Embedding is a critical concept in machine learning, particularly in handling categorical data or natural language processing. It is a process of transforming a high-dimensional, sparse object into a low-dimensional, dense vector in a way that preserves its semantic relationships or inherent characteristics.
The resulting vector is known as an "embedding vector" or simply "embedding," which represents the input data in a new feature space.
How Embedding works
Embedding works by mapping each unique object to a distinct vector in a continuous vector space. The distance between vectors could indicate the similarity between objects they represent. For example, in word embedding, each word in a vocabulary is mapped to a unique vector such that words with similar meanings are located close to each other in the embedding space.

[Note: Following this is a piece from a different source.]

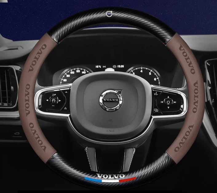 Шкіряний чохол на кермо Volvo Sport Brend (37-39см),коричневий зі вставкою з вуглеволокна
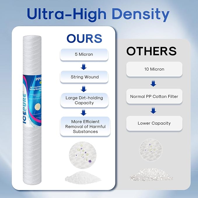 - High Quality - ICEPURE water purifiers adopt American technology and teams. The whole house string wound sediment water filter for well water is made of food-grade materials, lead-free and BPA-free. Every filter of the ICEPURE brand undergoes multiple inspection and testing stages before leaving the factory to ensure that each product meets our high expectations.

The mapping function or the transformation is learned in a way that it maximizes the ability to perform a specific task. For instance, in a text classification task, the embedding vectors are learned by backpropagation in conjunction with the rest of the model parameters such that it improves the classification accuracy.
One of the most common types of embedding is word embedding, where words are mapped to vectors of real numbers. Techniques like Word2Vec, GloVe, and FastText are often used to compute word embeddings. These methods capture semantic relationships between words, such as "man" is to "woman" as "king" is to "queen"; in the embedding space, 'man' vector subtracted from 'king' vector is approximately equal to 'woman' vector subtracted from 'queen' vector.
In a broader sense, embedding can be used to convert any high-dimensional data into lower-dimensional space, which might include transforming users and items for recommendation systems, nodes in a graph for graph-based algorithms, or even whole sentences or documents for complex NLP tasks. This helps in overcoming the curse of dimensionality and aids in tasks like visualization, clustering, or feeding categorical data to machine learning algorithms.